When left untreated for too long, UTIs can develop into life-threatening conditions such as pyelonephritis and sepsis. Of course, some UTIs known as “uncomplicated UTI” can go away on their own. 

Conversely, UTIs can also be classified as “complicated”, or “uncomplicated”. You have a “complicated UTI” if:

  • UTI is recurrent.
  • You are a male and have UTI.
  • UTI occurs with the structural or functional abnormality of the genitourinary tract or an underlying disease.
  • Your UTI leads to more serious outcomes compared to UTI patients without any identified risk factors.
  • Antibiotic courses are less effective.

“Complicated” UTIs are also commonly found in older people, young children, sexually active people and diabetic patients.

Recurrent UTIs refer to urinary tract infections that occur twice or more within six months or thrice or more in a year.

Can Recurrent UTI be cured?

If the recurrent UTI is a result of an underlying condition, there is a chance of cure. Treatment also depends on the type of bacteria causing the infection. There are also a variety of treatment options available to effectively manage and reduce the frequency of recurrent UTI.

How is Recurrent UTI typically treated?

Treatment of a recurrent UTI includes taking a longer course of antibiotics compared to a normal UTI. The course of antibiotics prescribed depends on the underlying condition and the type and source of bacteria causing the infection. Drugs commonly recommended for uncomplicated recurrent UTIs include: 

  • Trimethoprim/sulfamethoxazole (Bactrim, Septra, others)
  • Fosfomycin (Monurol)
  • Nitrofurantoin (Macrodantin, Macrobid)
  • Ciprofloxacin (Ciprobay), levofloxacin (Cravit), ofloxacin (Floxin)
  • Ceftriaxone (Rocephin)
  • Amoxicillin/Clavulanic acid (Augmentin)

The antibiotics can be taken as pills or intravenously, where liquified antibiotics are directly injected into your bloodstream. 

However, if antibiotics do not work, other forms of treatment, such as intravesical treatment, can help as well.

Intravesical treatment

Prescription medication (e.g. hyaluronic acid) is filled into the bladder with a catheter (urine tube) and held for around 15-30 minutes before it is emptied. You might receive treatment weekly for six to eight weeks, followed by maintenance treatments monthly when needed.

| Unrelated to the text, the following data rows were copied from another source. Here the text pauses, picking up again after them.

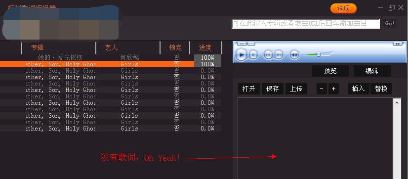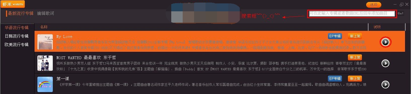 <在框中輸入專輯或歌曲列表,回車鍵添加到列表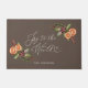 Tapis à thème de Noël rustique avec aquarelle illustration de la verdure d'hiver avec orange et épices. Le texte dit "joie pour le monde" en caractères de script.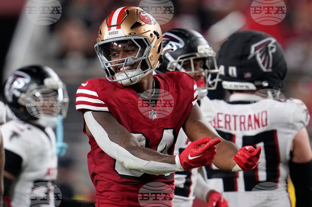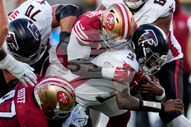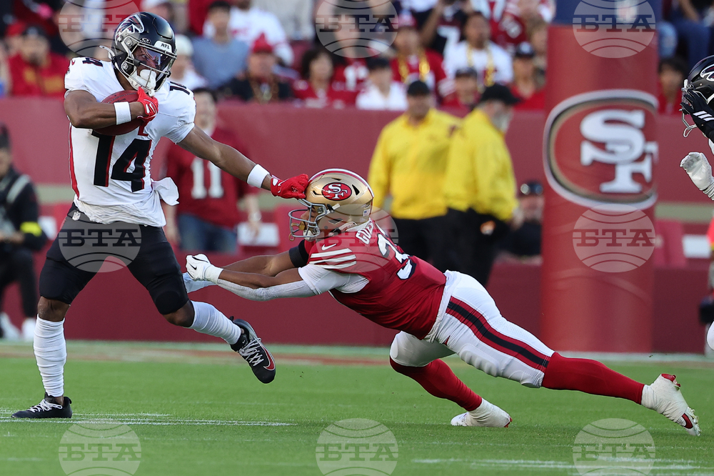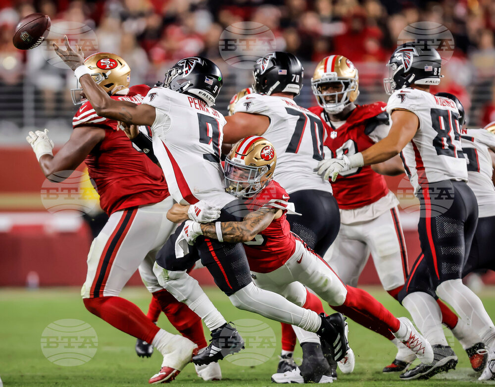 San Francisco 49ers' Chase Lucas sacks Atlanta Falcons' Michael Penix jr. (9) in the second half of an NFL football game in Santa Clara, Calif., on Sunday, Oct. 19, 2025. (Carlos Avila Gonzalez/San Francisco Chronicle via AP)
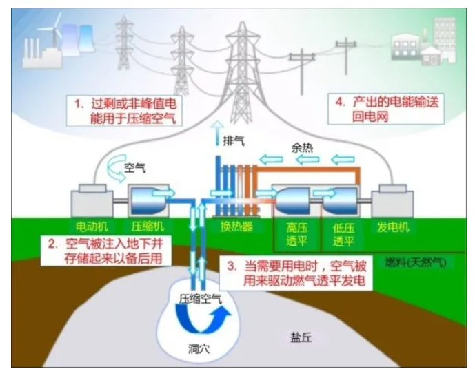你聽(tīng)過(guò)壓縮空氣儲(chǔ)能嗎?電力負(fù)荷低谷期將電轉(zhuǎn)發(fā)成能量?jī)?chǔ)存電力負(fù)荷高峰期釋放能量發(fā)電。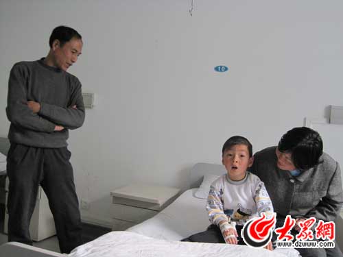 在濟南軍區(qū)心血管病研究所,記者見到了小永康和他的養(yǎng)父母。養(yǎng)父尹加元告訴記者,2006年4月,尹加元在客運汽車上賣票謀生時,車輛行至平邑縣民政局門口,一群圍觀者引起了尹加元的好奇,撥開人群,他看見一個嬰兒奄奄一息地躺在紙箱中,頭部有多處針眼,蒼蠅和蚊子不斷落在嬰兒的臉上。看著可憐的嬰兒,尹加元便抱起紙箱中的他帶回了家。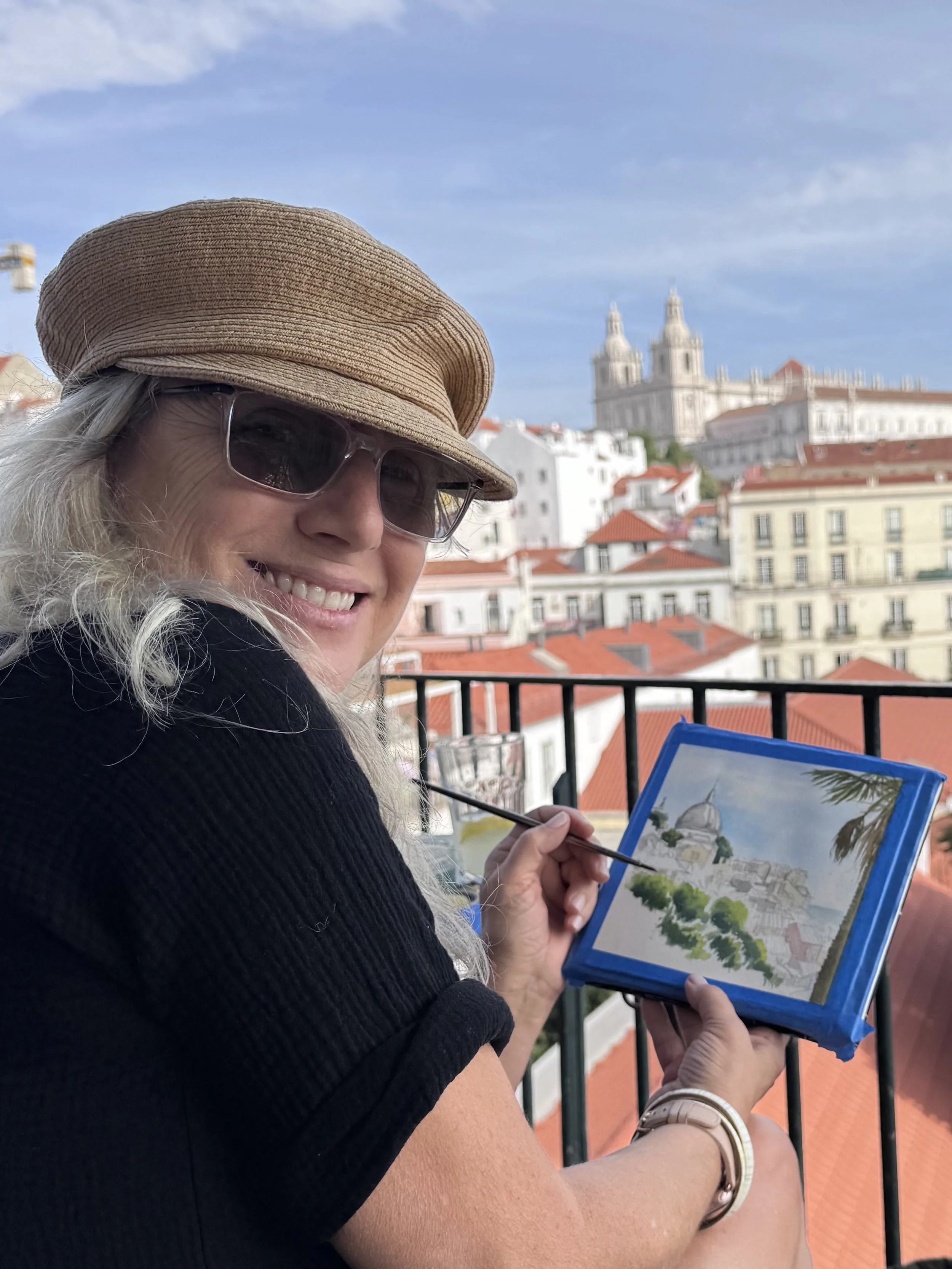 I am proudly Canadian, but I spend much of my time abroad painting, sketching, teaching and writing. I get invited on cruise ships to teach watercolour and printmaking workshops, which gives me a great opportunity to travel all parts of the globe. I also do workshops and artist-in-residence experiences, and travel for commissioned work, live painting at weddings, travel writing and more.

The medication could also reduce inflammation of the bladder wall and prevent muscle spasms that cause pain, frequency, and urgency.

Hyaluronic acid is available at Aare Urocare.

Supplementary drugs 

Supplementary drugs may be taken as well to prevent UTI from recurring. Such supplements include:

  • Probiotics
      • Studies have shown that probiotics of the Lactobacilli family help prevent UTI 
      • Lactobacilli is the dominating bacteria in the urogenital area of healthy, premenopausal women. Hence, taking drinks like Yakult will help maintain the Lactobacilli population and reduce the risk of getting a UTI. 

  • Cranberry extracts
      • Cranberry extract contains A-type proanthocyanidins, which help prevent bacteria from sticking to the bladder wall.

  • Topical oestrogen cream
      • Usually recommended for postmenopausal females with vaginal dryness
      • Applying the cream helps the vaginal ecosystem reach pre-menopause conditions, reducing the risk of recurring UTIs.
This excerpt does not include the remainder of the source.